Marshall Reinsdorf is a senior economist in the International Monetary Fund (IMF)’s Statistics Department and past president of the International Association for Research in Income and Wealth.

Lockdowns, working from home, and physical distancing caused people to spend larger shares of their household budgets on food and housing, while fewer people bought nonessentials, like airline tickets and clothing. And with incomes down as millions have lost their jobs, spending on nonessential items will likely remain depressed.

The consumer price index (CPI) does not reflect these abrupt changes in spending patterns because the CPI weights are not continuously updated. For example, the CPI could be pulled down by a decline in the prices of nonessentials that are no longer purchased.
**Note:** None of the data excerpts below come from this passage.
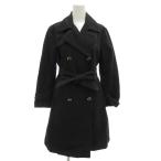 アニヤハインドマーチ ANYA HINDMARCH トレンチコート ダブルブレスト ロング リボンベルト パイピングレザー S 黒 ブラック /GV
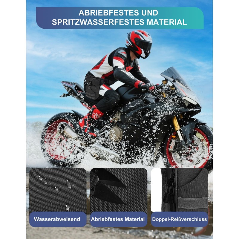 Made of splash-proof, tear-resistant and abrasion-resistant nylon, this fanny pack protects your belongings from splashes and scratches - for motorcycle riding and outdoor activities. Waist 60-140cm, Leg Circumference: 40-73cm adjustable to ensure a stable, comfortable hold that does not slip.
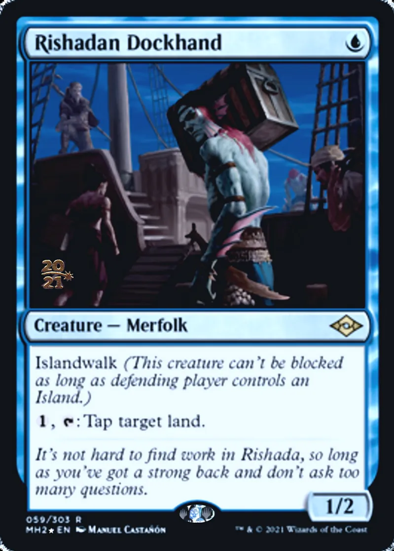 Magic: the Gathering (mtg) Rare Creature — Merfolk Rishadan Dockhand from Prerelease Cards (pPRE) last updated 2026-02-21 16:39:32

A new IMF staff paper uses spending estimates derived from credit and debit card data to adjust the CPI weights to match spending patterns during the pandemic. The study finds that inflation during the first three months of the pandemic was actually higher than we thought.

The chart of the week looks at the difference over the February–May timeframe between a COVID-19 price index that adjusts the CPI weights based on the impacts of COVID-19 on spending in Canada and an index with unchanged CPI weights. The diamonds in the chart show the difference between the two indexes by region. In seven of the eight regions shown, the CPI is below the COVID-19 index. Looking at the average for all regions combined, the gap is 0.23 percentage points.

The main positive contributors to the gap between the COVID-19 index and the CPI are food and transport, each contributing 0.16 percentage points to the world gap. Rising food prices contribute to the faster growth of the COVID-19 index in all eight regions. Falling transport prices, which have a larger weight in the CPI than in the COVID-19 index, also contribute to the faster growth of the COVID-19 index in all regions except sub-Saharan Africa.

The main negative contributors to the world gap are housing, which contributes –0.03 percentage points, and clothing, which contributes –0.08 percentage points. Housing has a higher weight in the COVID-19 index than in the CPI, but its price index is so close to the overall CPI that increasing its weight does little to move the COVID-19 index away from the CPI. The downward effect of clothing is due to seasonal price increases having a smaller weight in the COVID-19 basket.

Despite the finding that CPI weights underestimated inflation in the early months of the pandemic, a quick update of the CPI weights to reflect the spending patterns during the pandemic would be impractical. Furthermore, introducing weights that are based on a short timeframe can reduce an index’s accuracy over the longer run. A better approach would be for statistical agencies to develop a supplementary index whose weights reflect spending patterns during the pandemic. This would give policymakers a better picture of the effect of inflation on the prices that consumers are actually paying.